Prove or disprove: if $x$ and $y$ are real numbers with $y\ge 0$ and $y(y+1)\le (x+1)^2$, then $y(y-1)\le x^2$.
How should I approach this proof? The solution starts with assuming $y\ge 0$ and $y\le 1$, but I'm not sure how to arrive at that second assumption or go from there. Thank you in advance!
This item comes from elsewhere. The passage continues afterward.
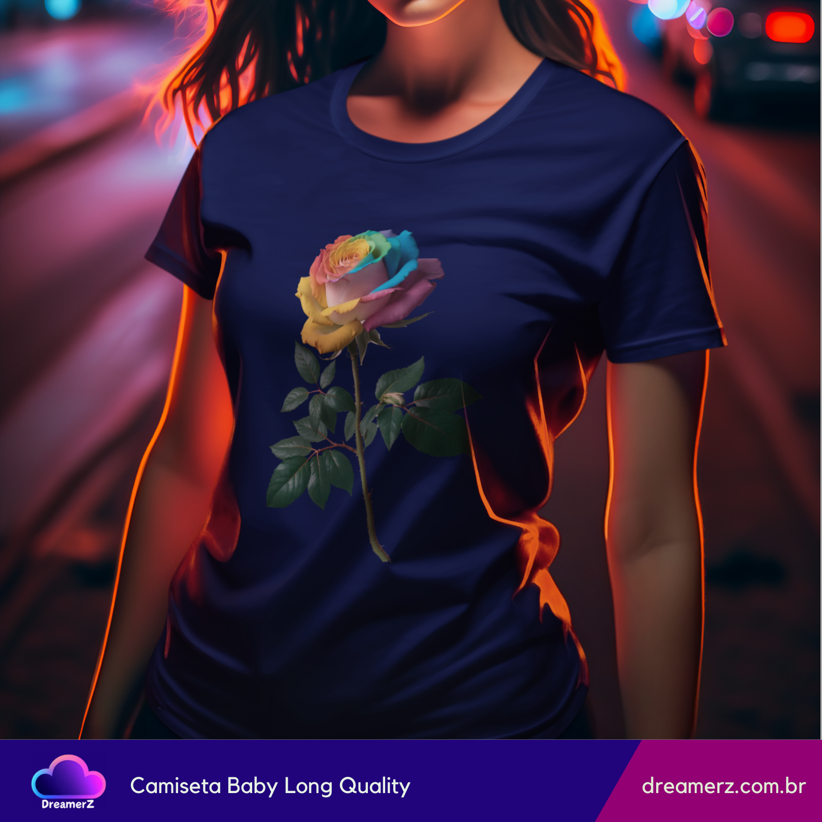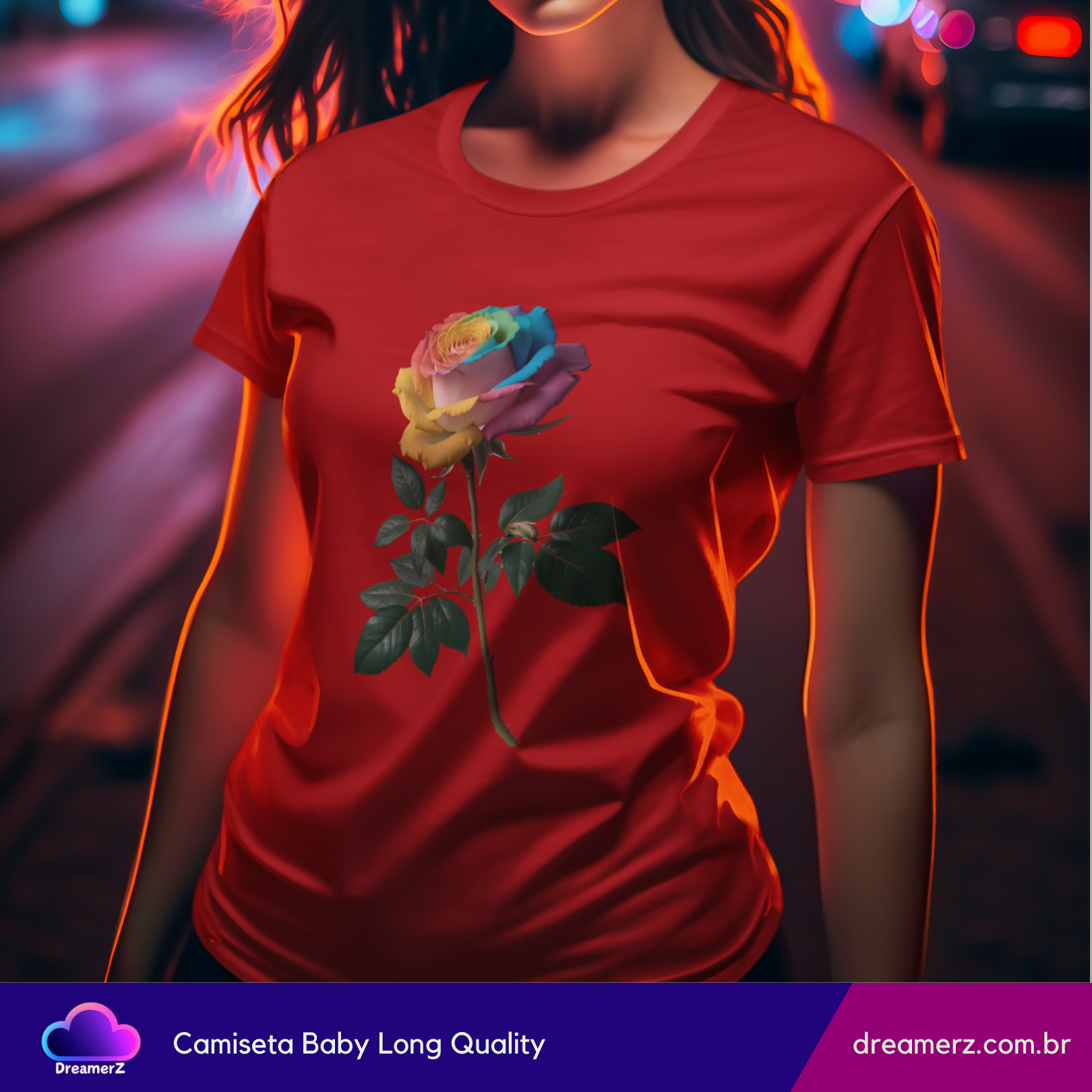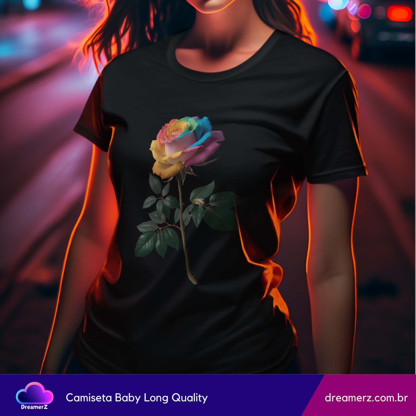 A Rosa Arco-Íris simboliza a beleza da diversidade, do amor e da liberdade de ser quem você é. Com traços realistas e vibrantes, essa camiseta vai colorir seus dias com estilo e sensibilidade.

Draw a diagram. For $y\ge0$, the curve $$y(y+1)=(x+1)^2$$ is the upper half of a hyperbola with turning point at $(-1,0)$. One of the asymptotes of this hyperbola is $y=x+\frac{1}{2}$. The inequality $$y(y+1)\le (x+1)^2$$ defines the region below this hyperbola. The hyperbola $$y(y-1)=x^2$$ has turning point $(0,1)$ and is congruent to the first hyperbola; one of its asymptotes is also $y=x+\frac{1}{2}$; the second hyperbola is shifted upwards along the direction of this asymptote. From a diagram it is therefore clear that the region lying below the first hyperbola also lies below the second. Therefore, if the first inequality is true (and $y\ge0$) then so is the second.
If $0 \le y \le 1$ the statement is trivially true, because $y(y-1) \le 0 \le x^2$. So now you need to see what happens when $y > 1$.